DESCRIPTION OF THE TASK: Among the records that follow, set down only the lines from the one containing "Vintage wooden spice" to the one containing "到了九龍,記者幾次打算采訪呷", both included, exactly.

DATA EXTRACT:

----------

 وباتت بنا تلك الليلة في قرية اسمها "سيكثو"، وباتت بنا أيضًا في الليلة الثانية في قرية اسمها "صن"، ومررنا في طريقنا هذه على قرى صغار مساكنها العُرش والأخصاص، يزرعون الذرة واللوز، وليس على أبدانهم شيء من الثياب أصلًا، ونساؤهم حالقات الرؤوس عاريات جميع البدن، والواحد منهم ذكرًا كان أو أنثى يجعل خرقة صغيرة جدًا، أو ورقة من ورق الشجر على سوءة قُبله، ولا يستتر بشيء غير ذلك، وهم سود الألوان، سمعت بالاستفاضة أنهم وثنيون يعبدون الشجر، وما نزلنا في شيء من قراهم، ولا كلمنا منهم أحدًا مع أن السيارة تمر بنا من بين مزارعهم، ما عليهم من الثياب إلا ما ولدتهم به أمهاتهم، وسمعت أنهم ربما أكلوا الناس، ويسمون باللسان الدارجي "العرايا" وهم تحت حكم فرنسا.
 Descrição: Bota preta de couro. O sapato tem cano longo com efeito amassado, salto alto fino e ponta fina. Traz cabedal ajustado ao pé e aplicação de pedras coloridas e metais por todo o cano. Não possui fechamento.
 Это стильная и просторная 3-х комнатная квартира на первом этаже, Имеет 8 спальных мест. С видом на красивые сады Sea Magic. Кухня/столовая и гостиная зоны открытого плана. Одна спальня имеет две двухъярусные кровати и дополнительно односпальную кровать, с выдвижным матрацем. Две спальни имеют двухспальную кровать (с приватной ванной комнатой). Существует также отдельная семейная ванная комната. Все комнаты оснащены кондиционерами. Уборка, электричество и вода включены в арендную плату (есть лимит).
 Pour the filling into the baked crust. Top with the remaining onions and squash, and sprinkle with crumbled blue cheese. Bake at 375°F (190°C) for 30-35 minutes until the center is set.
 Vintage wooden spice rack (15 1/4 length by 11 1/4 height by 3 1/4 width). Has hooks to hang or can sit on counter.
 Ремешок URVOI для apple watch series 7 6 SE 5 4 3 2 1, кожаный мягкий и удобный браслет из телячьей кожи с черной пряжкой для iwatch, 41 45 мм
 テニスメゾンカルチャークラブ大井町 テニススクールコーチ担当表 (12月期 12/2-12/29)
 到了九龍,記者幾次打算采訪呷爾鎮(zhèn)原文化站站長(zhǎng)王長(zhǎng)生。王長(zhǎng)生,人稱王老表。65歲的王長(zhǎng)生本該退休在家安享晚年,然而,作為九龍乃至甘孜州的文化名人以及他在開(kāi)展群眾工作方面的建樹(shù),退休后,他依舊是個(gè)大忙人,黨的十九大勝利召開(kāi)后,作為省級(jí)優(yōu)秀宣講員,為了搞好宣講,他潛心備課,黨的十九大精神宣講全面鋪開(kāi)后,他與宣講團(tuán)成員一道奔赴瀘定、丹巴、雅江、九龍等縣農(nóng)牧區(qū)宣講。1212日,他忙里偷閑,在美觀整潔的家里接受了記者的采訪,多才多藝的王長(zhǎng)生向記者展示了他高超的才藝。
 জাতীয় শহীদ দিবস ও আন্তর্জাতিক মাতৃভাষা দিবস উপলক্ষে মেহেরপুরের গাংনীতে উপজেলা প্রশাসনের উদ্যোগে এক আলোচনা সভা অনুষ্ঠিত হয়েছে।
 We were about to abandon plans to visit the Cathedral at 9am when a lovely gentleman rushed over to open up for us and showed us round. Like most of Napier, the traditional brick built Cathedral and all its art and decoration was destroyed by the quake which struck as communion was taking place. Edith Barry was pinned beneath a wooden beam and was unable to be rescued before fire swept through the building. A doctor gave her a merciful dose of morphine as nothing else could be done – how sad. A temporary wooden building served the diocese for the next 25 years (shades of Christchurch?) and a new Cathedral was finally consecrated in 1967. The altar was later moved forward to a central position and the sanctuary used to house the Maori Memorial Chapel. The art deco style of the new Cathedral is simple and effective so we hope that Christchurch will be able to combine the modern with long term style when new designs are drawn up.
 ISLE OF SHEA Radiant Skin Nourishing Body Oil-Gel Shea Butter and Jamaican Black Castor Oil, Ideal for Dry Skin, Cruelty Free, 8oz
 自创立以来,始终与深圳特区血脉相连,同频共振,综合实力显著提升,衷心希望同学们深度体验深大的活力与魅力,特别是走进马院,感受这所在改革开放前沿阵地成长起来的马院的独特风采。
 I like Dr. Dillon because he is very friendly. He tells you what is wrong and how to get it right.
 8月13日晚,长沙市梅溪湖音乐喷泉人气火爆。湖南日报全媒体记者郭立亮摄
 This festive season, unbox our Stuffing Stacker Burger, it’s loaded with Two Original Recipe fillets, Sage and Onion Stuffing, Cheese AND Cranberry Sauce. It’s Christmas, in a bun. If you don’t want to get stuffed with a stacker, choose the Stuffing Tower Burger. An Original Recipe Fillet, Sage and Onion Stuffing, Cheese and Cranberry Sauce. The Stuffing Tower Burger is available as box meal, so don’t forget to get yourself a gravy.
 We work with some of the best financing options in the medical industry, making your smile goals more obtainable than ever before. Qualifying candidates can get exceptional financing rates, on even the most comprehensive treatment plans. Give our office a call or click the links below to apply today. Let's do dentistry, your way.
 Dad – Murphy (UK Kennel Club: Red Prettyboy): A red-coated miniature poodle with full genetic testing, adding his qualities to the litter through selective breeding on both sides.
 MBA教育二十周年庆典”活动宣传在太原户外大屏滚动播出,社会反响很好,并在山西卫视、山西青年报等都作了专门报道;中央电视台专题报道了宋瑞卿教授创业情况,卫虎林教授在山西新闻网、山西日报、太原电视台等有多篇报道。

----------

RESPONSE BOX:
 Vintage wooden spice rack (15 1/4 length by 11 1/4 height by 3 1/4 width). Has hooks to hang or can sit on counter.
 Ремешок URVOI для apple watch series 7 6 SE 5 4 3 2 1, кожаный мягкий и удобный браслет из телячьей кожи с черной пряжкой для iwatch, 41 45 мм
 テニスメゾンカルチャークラブ大井町 テニススクールコーチ担当表 (12月期 12/2-12/29)
 到了九龍,記者幾次打算采訪呷爾鎮(zhèn)原文化站站長(zhǎng)王長(zhǎng)生。王長(zhǎng)生,人稱王老表。65歲的王長(zhǎng)生本該退休在家安享晚年,然而,作為九龍乃至甘孜州的文化名人以及他在開(kāi)展群眾工作方面的建樹(shù),退休后,他依舊是個(gè)大忙人,黨的十九大勝利召開(kāi)后,作為省級(jí)優(yōu)秀宣講員,為了搞好宣講,他潛心備課,黨的十九大精神宣講全面鋪開(kāi)后,他與宣講團(tuán)成員一道奔赴瀘定、丹巴、雅江、九龍等縣農(nóng)牧區(qū)宣講。1212日,他忙里偷閑,在美觀整潔的家里接受了記者的采訪,多才多藝的王長(zhǎng)生向記者展示了他高超的才藝。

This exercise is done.